I’m not convinced that it’s the best film of all time or even Hitchcock’s best movie, but it is one of the best psychological thrillers of all time, a film that transcends its genre and one that remains deeply intriguing after repeat viewings. Six decades after its release, Vertigo remains as entertaining as any of Hitchcock’s best films and for many of the same reasons.
There’s the vivid travelogue imagery of San Francisco; the swirling menace and melancholy romance of Bernard Herrmann’s score; and the careful build-up of suspense. Vertigo was also technically innovative. It contributed the Vertigo Effect, created by zooming in with the lens while pulling back with the camera, to the language of the cinema.
But all that is not what give Vertigo its stature. As Martin Scorsese says of the film, the story also does not matter, since it’s a film about the characters. It is a “very, very beautiful, comfortable almost nightmarish obsession”, says Scorsese. It’s Hitchcock’s psychological acuity, his penetrating gaze into his characters, which give this film such startling power. For modern critics and auteur directors like Scorsese, it is the intensely personal feel and emotional resonance that make Vertigo so rewarding.
The film was based on a book by French writers Pierre Boileau and Thomas Narcejac, who incidentally also wrote the novel that inspired Les Diaboliques, the greatest film by the French Hitchcock, Henri-Georges Clouzot. The film is about the obsessive relationship that acrophobic cop Scottie (played by James Stewart) develops with blonde ice queen Madeline (Kim Novak) after a jealous husband hires him to tail her.

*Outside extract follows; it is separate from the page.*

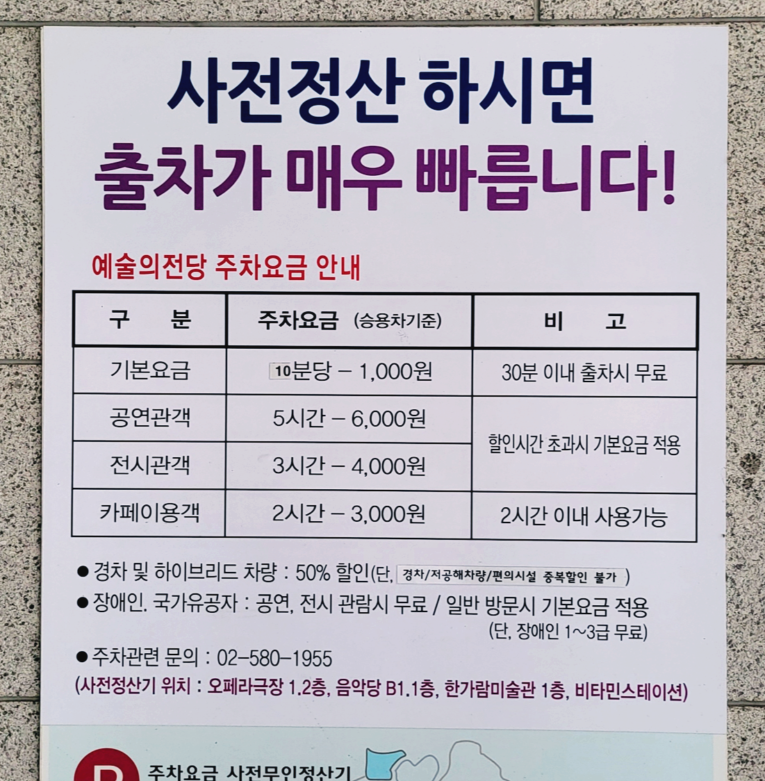 또한 주차요금 자동정산기에서 정산이 불가능하고 주차장 출구에서 직원분 확인하거나 스피커폰을 통해 통화 후 예술의 전당 주차요금 저공해차량 할인이 가능합니다.

When she dies by plummeting from a bell tower, Scottie transfers his desire for Madeline to Judy, a doppelganger for the dead girl he meets by pure chance. Scottie starts to remake Judy into the image of the lost object of his desire with tragic results for both.
Vertigo is about the dark stuff of desire, deeply disquieting at its core with no need for shock twists or sensational acts of violence. In Francois Truffaut’s famous series of interviews with the British directors, Hitch explains with apparent relish that the film is about a man recreating the perfect sex image of a dead woman from another who is alive so that he can indulge in metaphorical necrophilia.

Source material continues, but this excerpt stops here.